The Department for Communities
and Local Government (DCLG) is issuing new rules to reduce the number of
applications that require a design and access statement and to remove the
requirement for councils to provide a summary of reasons for approval on
decision notices.
These changes to the Development
Management Procedure Order will come into force on the 25th June.
Design and Access Statements
Certain applications for planning
permission must be accompanied by a design and access statement, as well as
specifying the content which must be included within such statements. The
effect of the amendment is to reduce the number of types of applications which
must be accompanied by a design and access statement, and to simplify their
required content. Under the amended article 8, a design and access statement is
now only required with applications for major development (subject to certain
exceptions). A design and access statement is also required for certain
applications for development (which are not major development) in a conservation
area or a World Heritage Site.
The DCLG said: "Reducing the
number of applications that require a design and access statement would remove
statutory burdens on applicants, but it is not considered that this would be at
the expense of good design and accessibility."
In conservation areas and World
Heritage sites there would be lower thresholds for applications and a design and access statement will be
required with planning applications for the provision of "one or more dwelling; or a building or buildings where the
floorspace created by the development is 100 square metres or more”.
Appeals against requests for Unnecessary Evidence
The effect of the amendments will
be to provide a right of appeal for non-determination of applications in
circumstances where an applicant considers that a local authority is requiring
particulars or evidence that do not meet the requirements set out in article
29(4)(bb). In such cases, article 10A provides that the applicant may send the
local planning authority a notice. Where an applicant sends such a notice and
the authority do not waive the information requirement the application is then
described as a ‘non-validated application’.
On receipt of an article 10A notice
a local planning authority could accept the notice and determine the application.
Alternatively a local planning authority could reject the article 10A notice. However,
this Order amends article 29 to provide that the local planning authority are
required to determine a non-validated application within the time periods set
out. If a local planning authority fails to determine a non-validated
application within the relevant time then an applicant may proceed to appeal on
grounds of non-determination under section 78 of the 1990 Act.

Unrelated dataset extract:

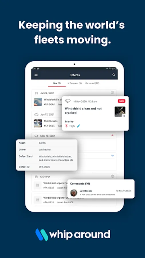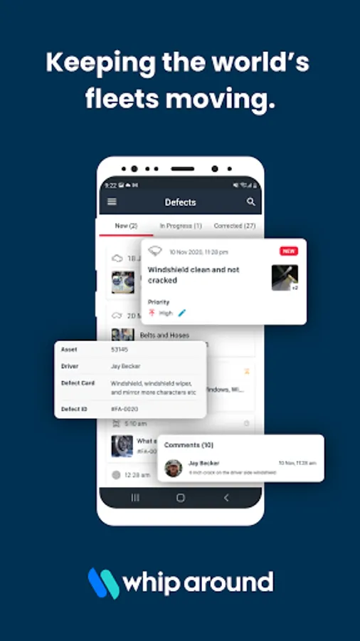 Conduct fleet inspections, manage work orders, and monitor fleet health from anywhere: Whip Around’s free app puts our powerful fleet maintenance software in the hands of drivers, mechanics, and fleet managers. The Whip Around App allows your fleet staff to collaborate on fleet management and maintenance tasks while they’re on the go: so your fleet stays running smoothly—everywhere.

Changes to Decision Notices
Where a local planning authority determines an application
for planning permission, they must issue a written notice of decision and set
out the content of such notice. The effect of the amendment is to remove the
requirement to include both a summary of reasons for the grant of permission
and a summary of the policies and proposals in the development plan which are
relevant to the decision to grant permission. There are transitional provisions
for applications submitted before the coming into force of this Order.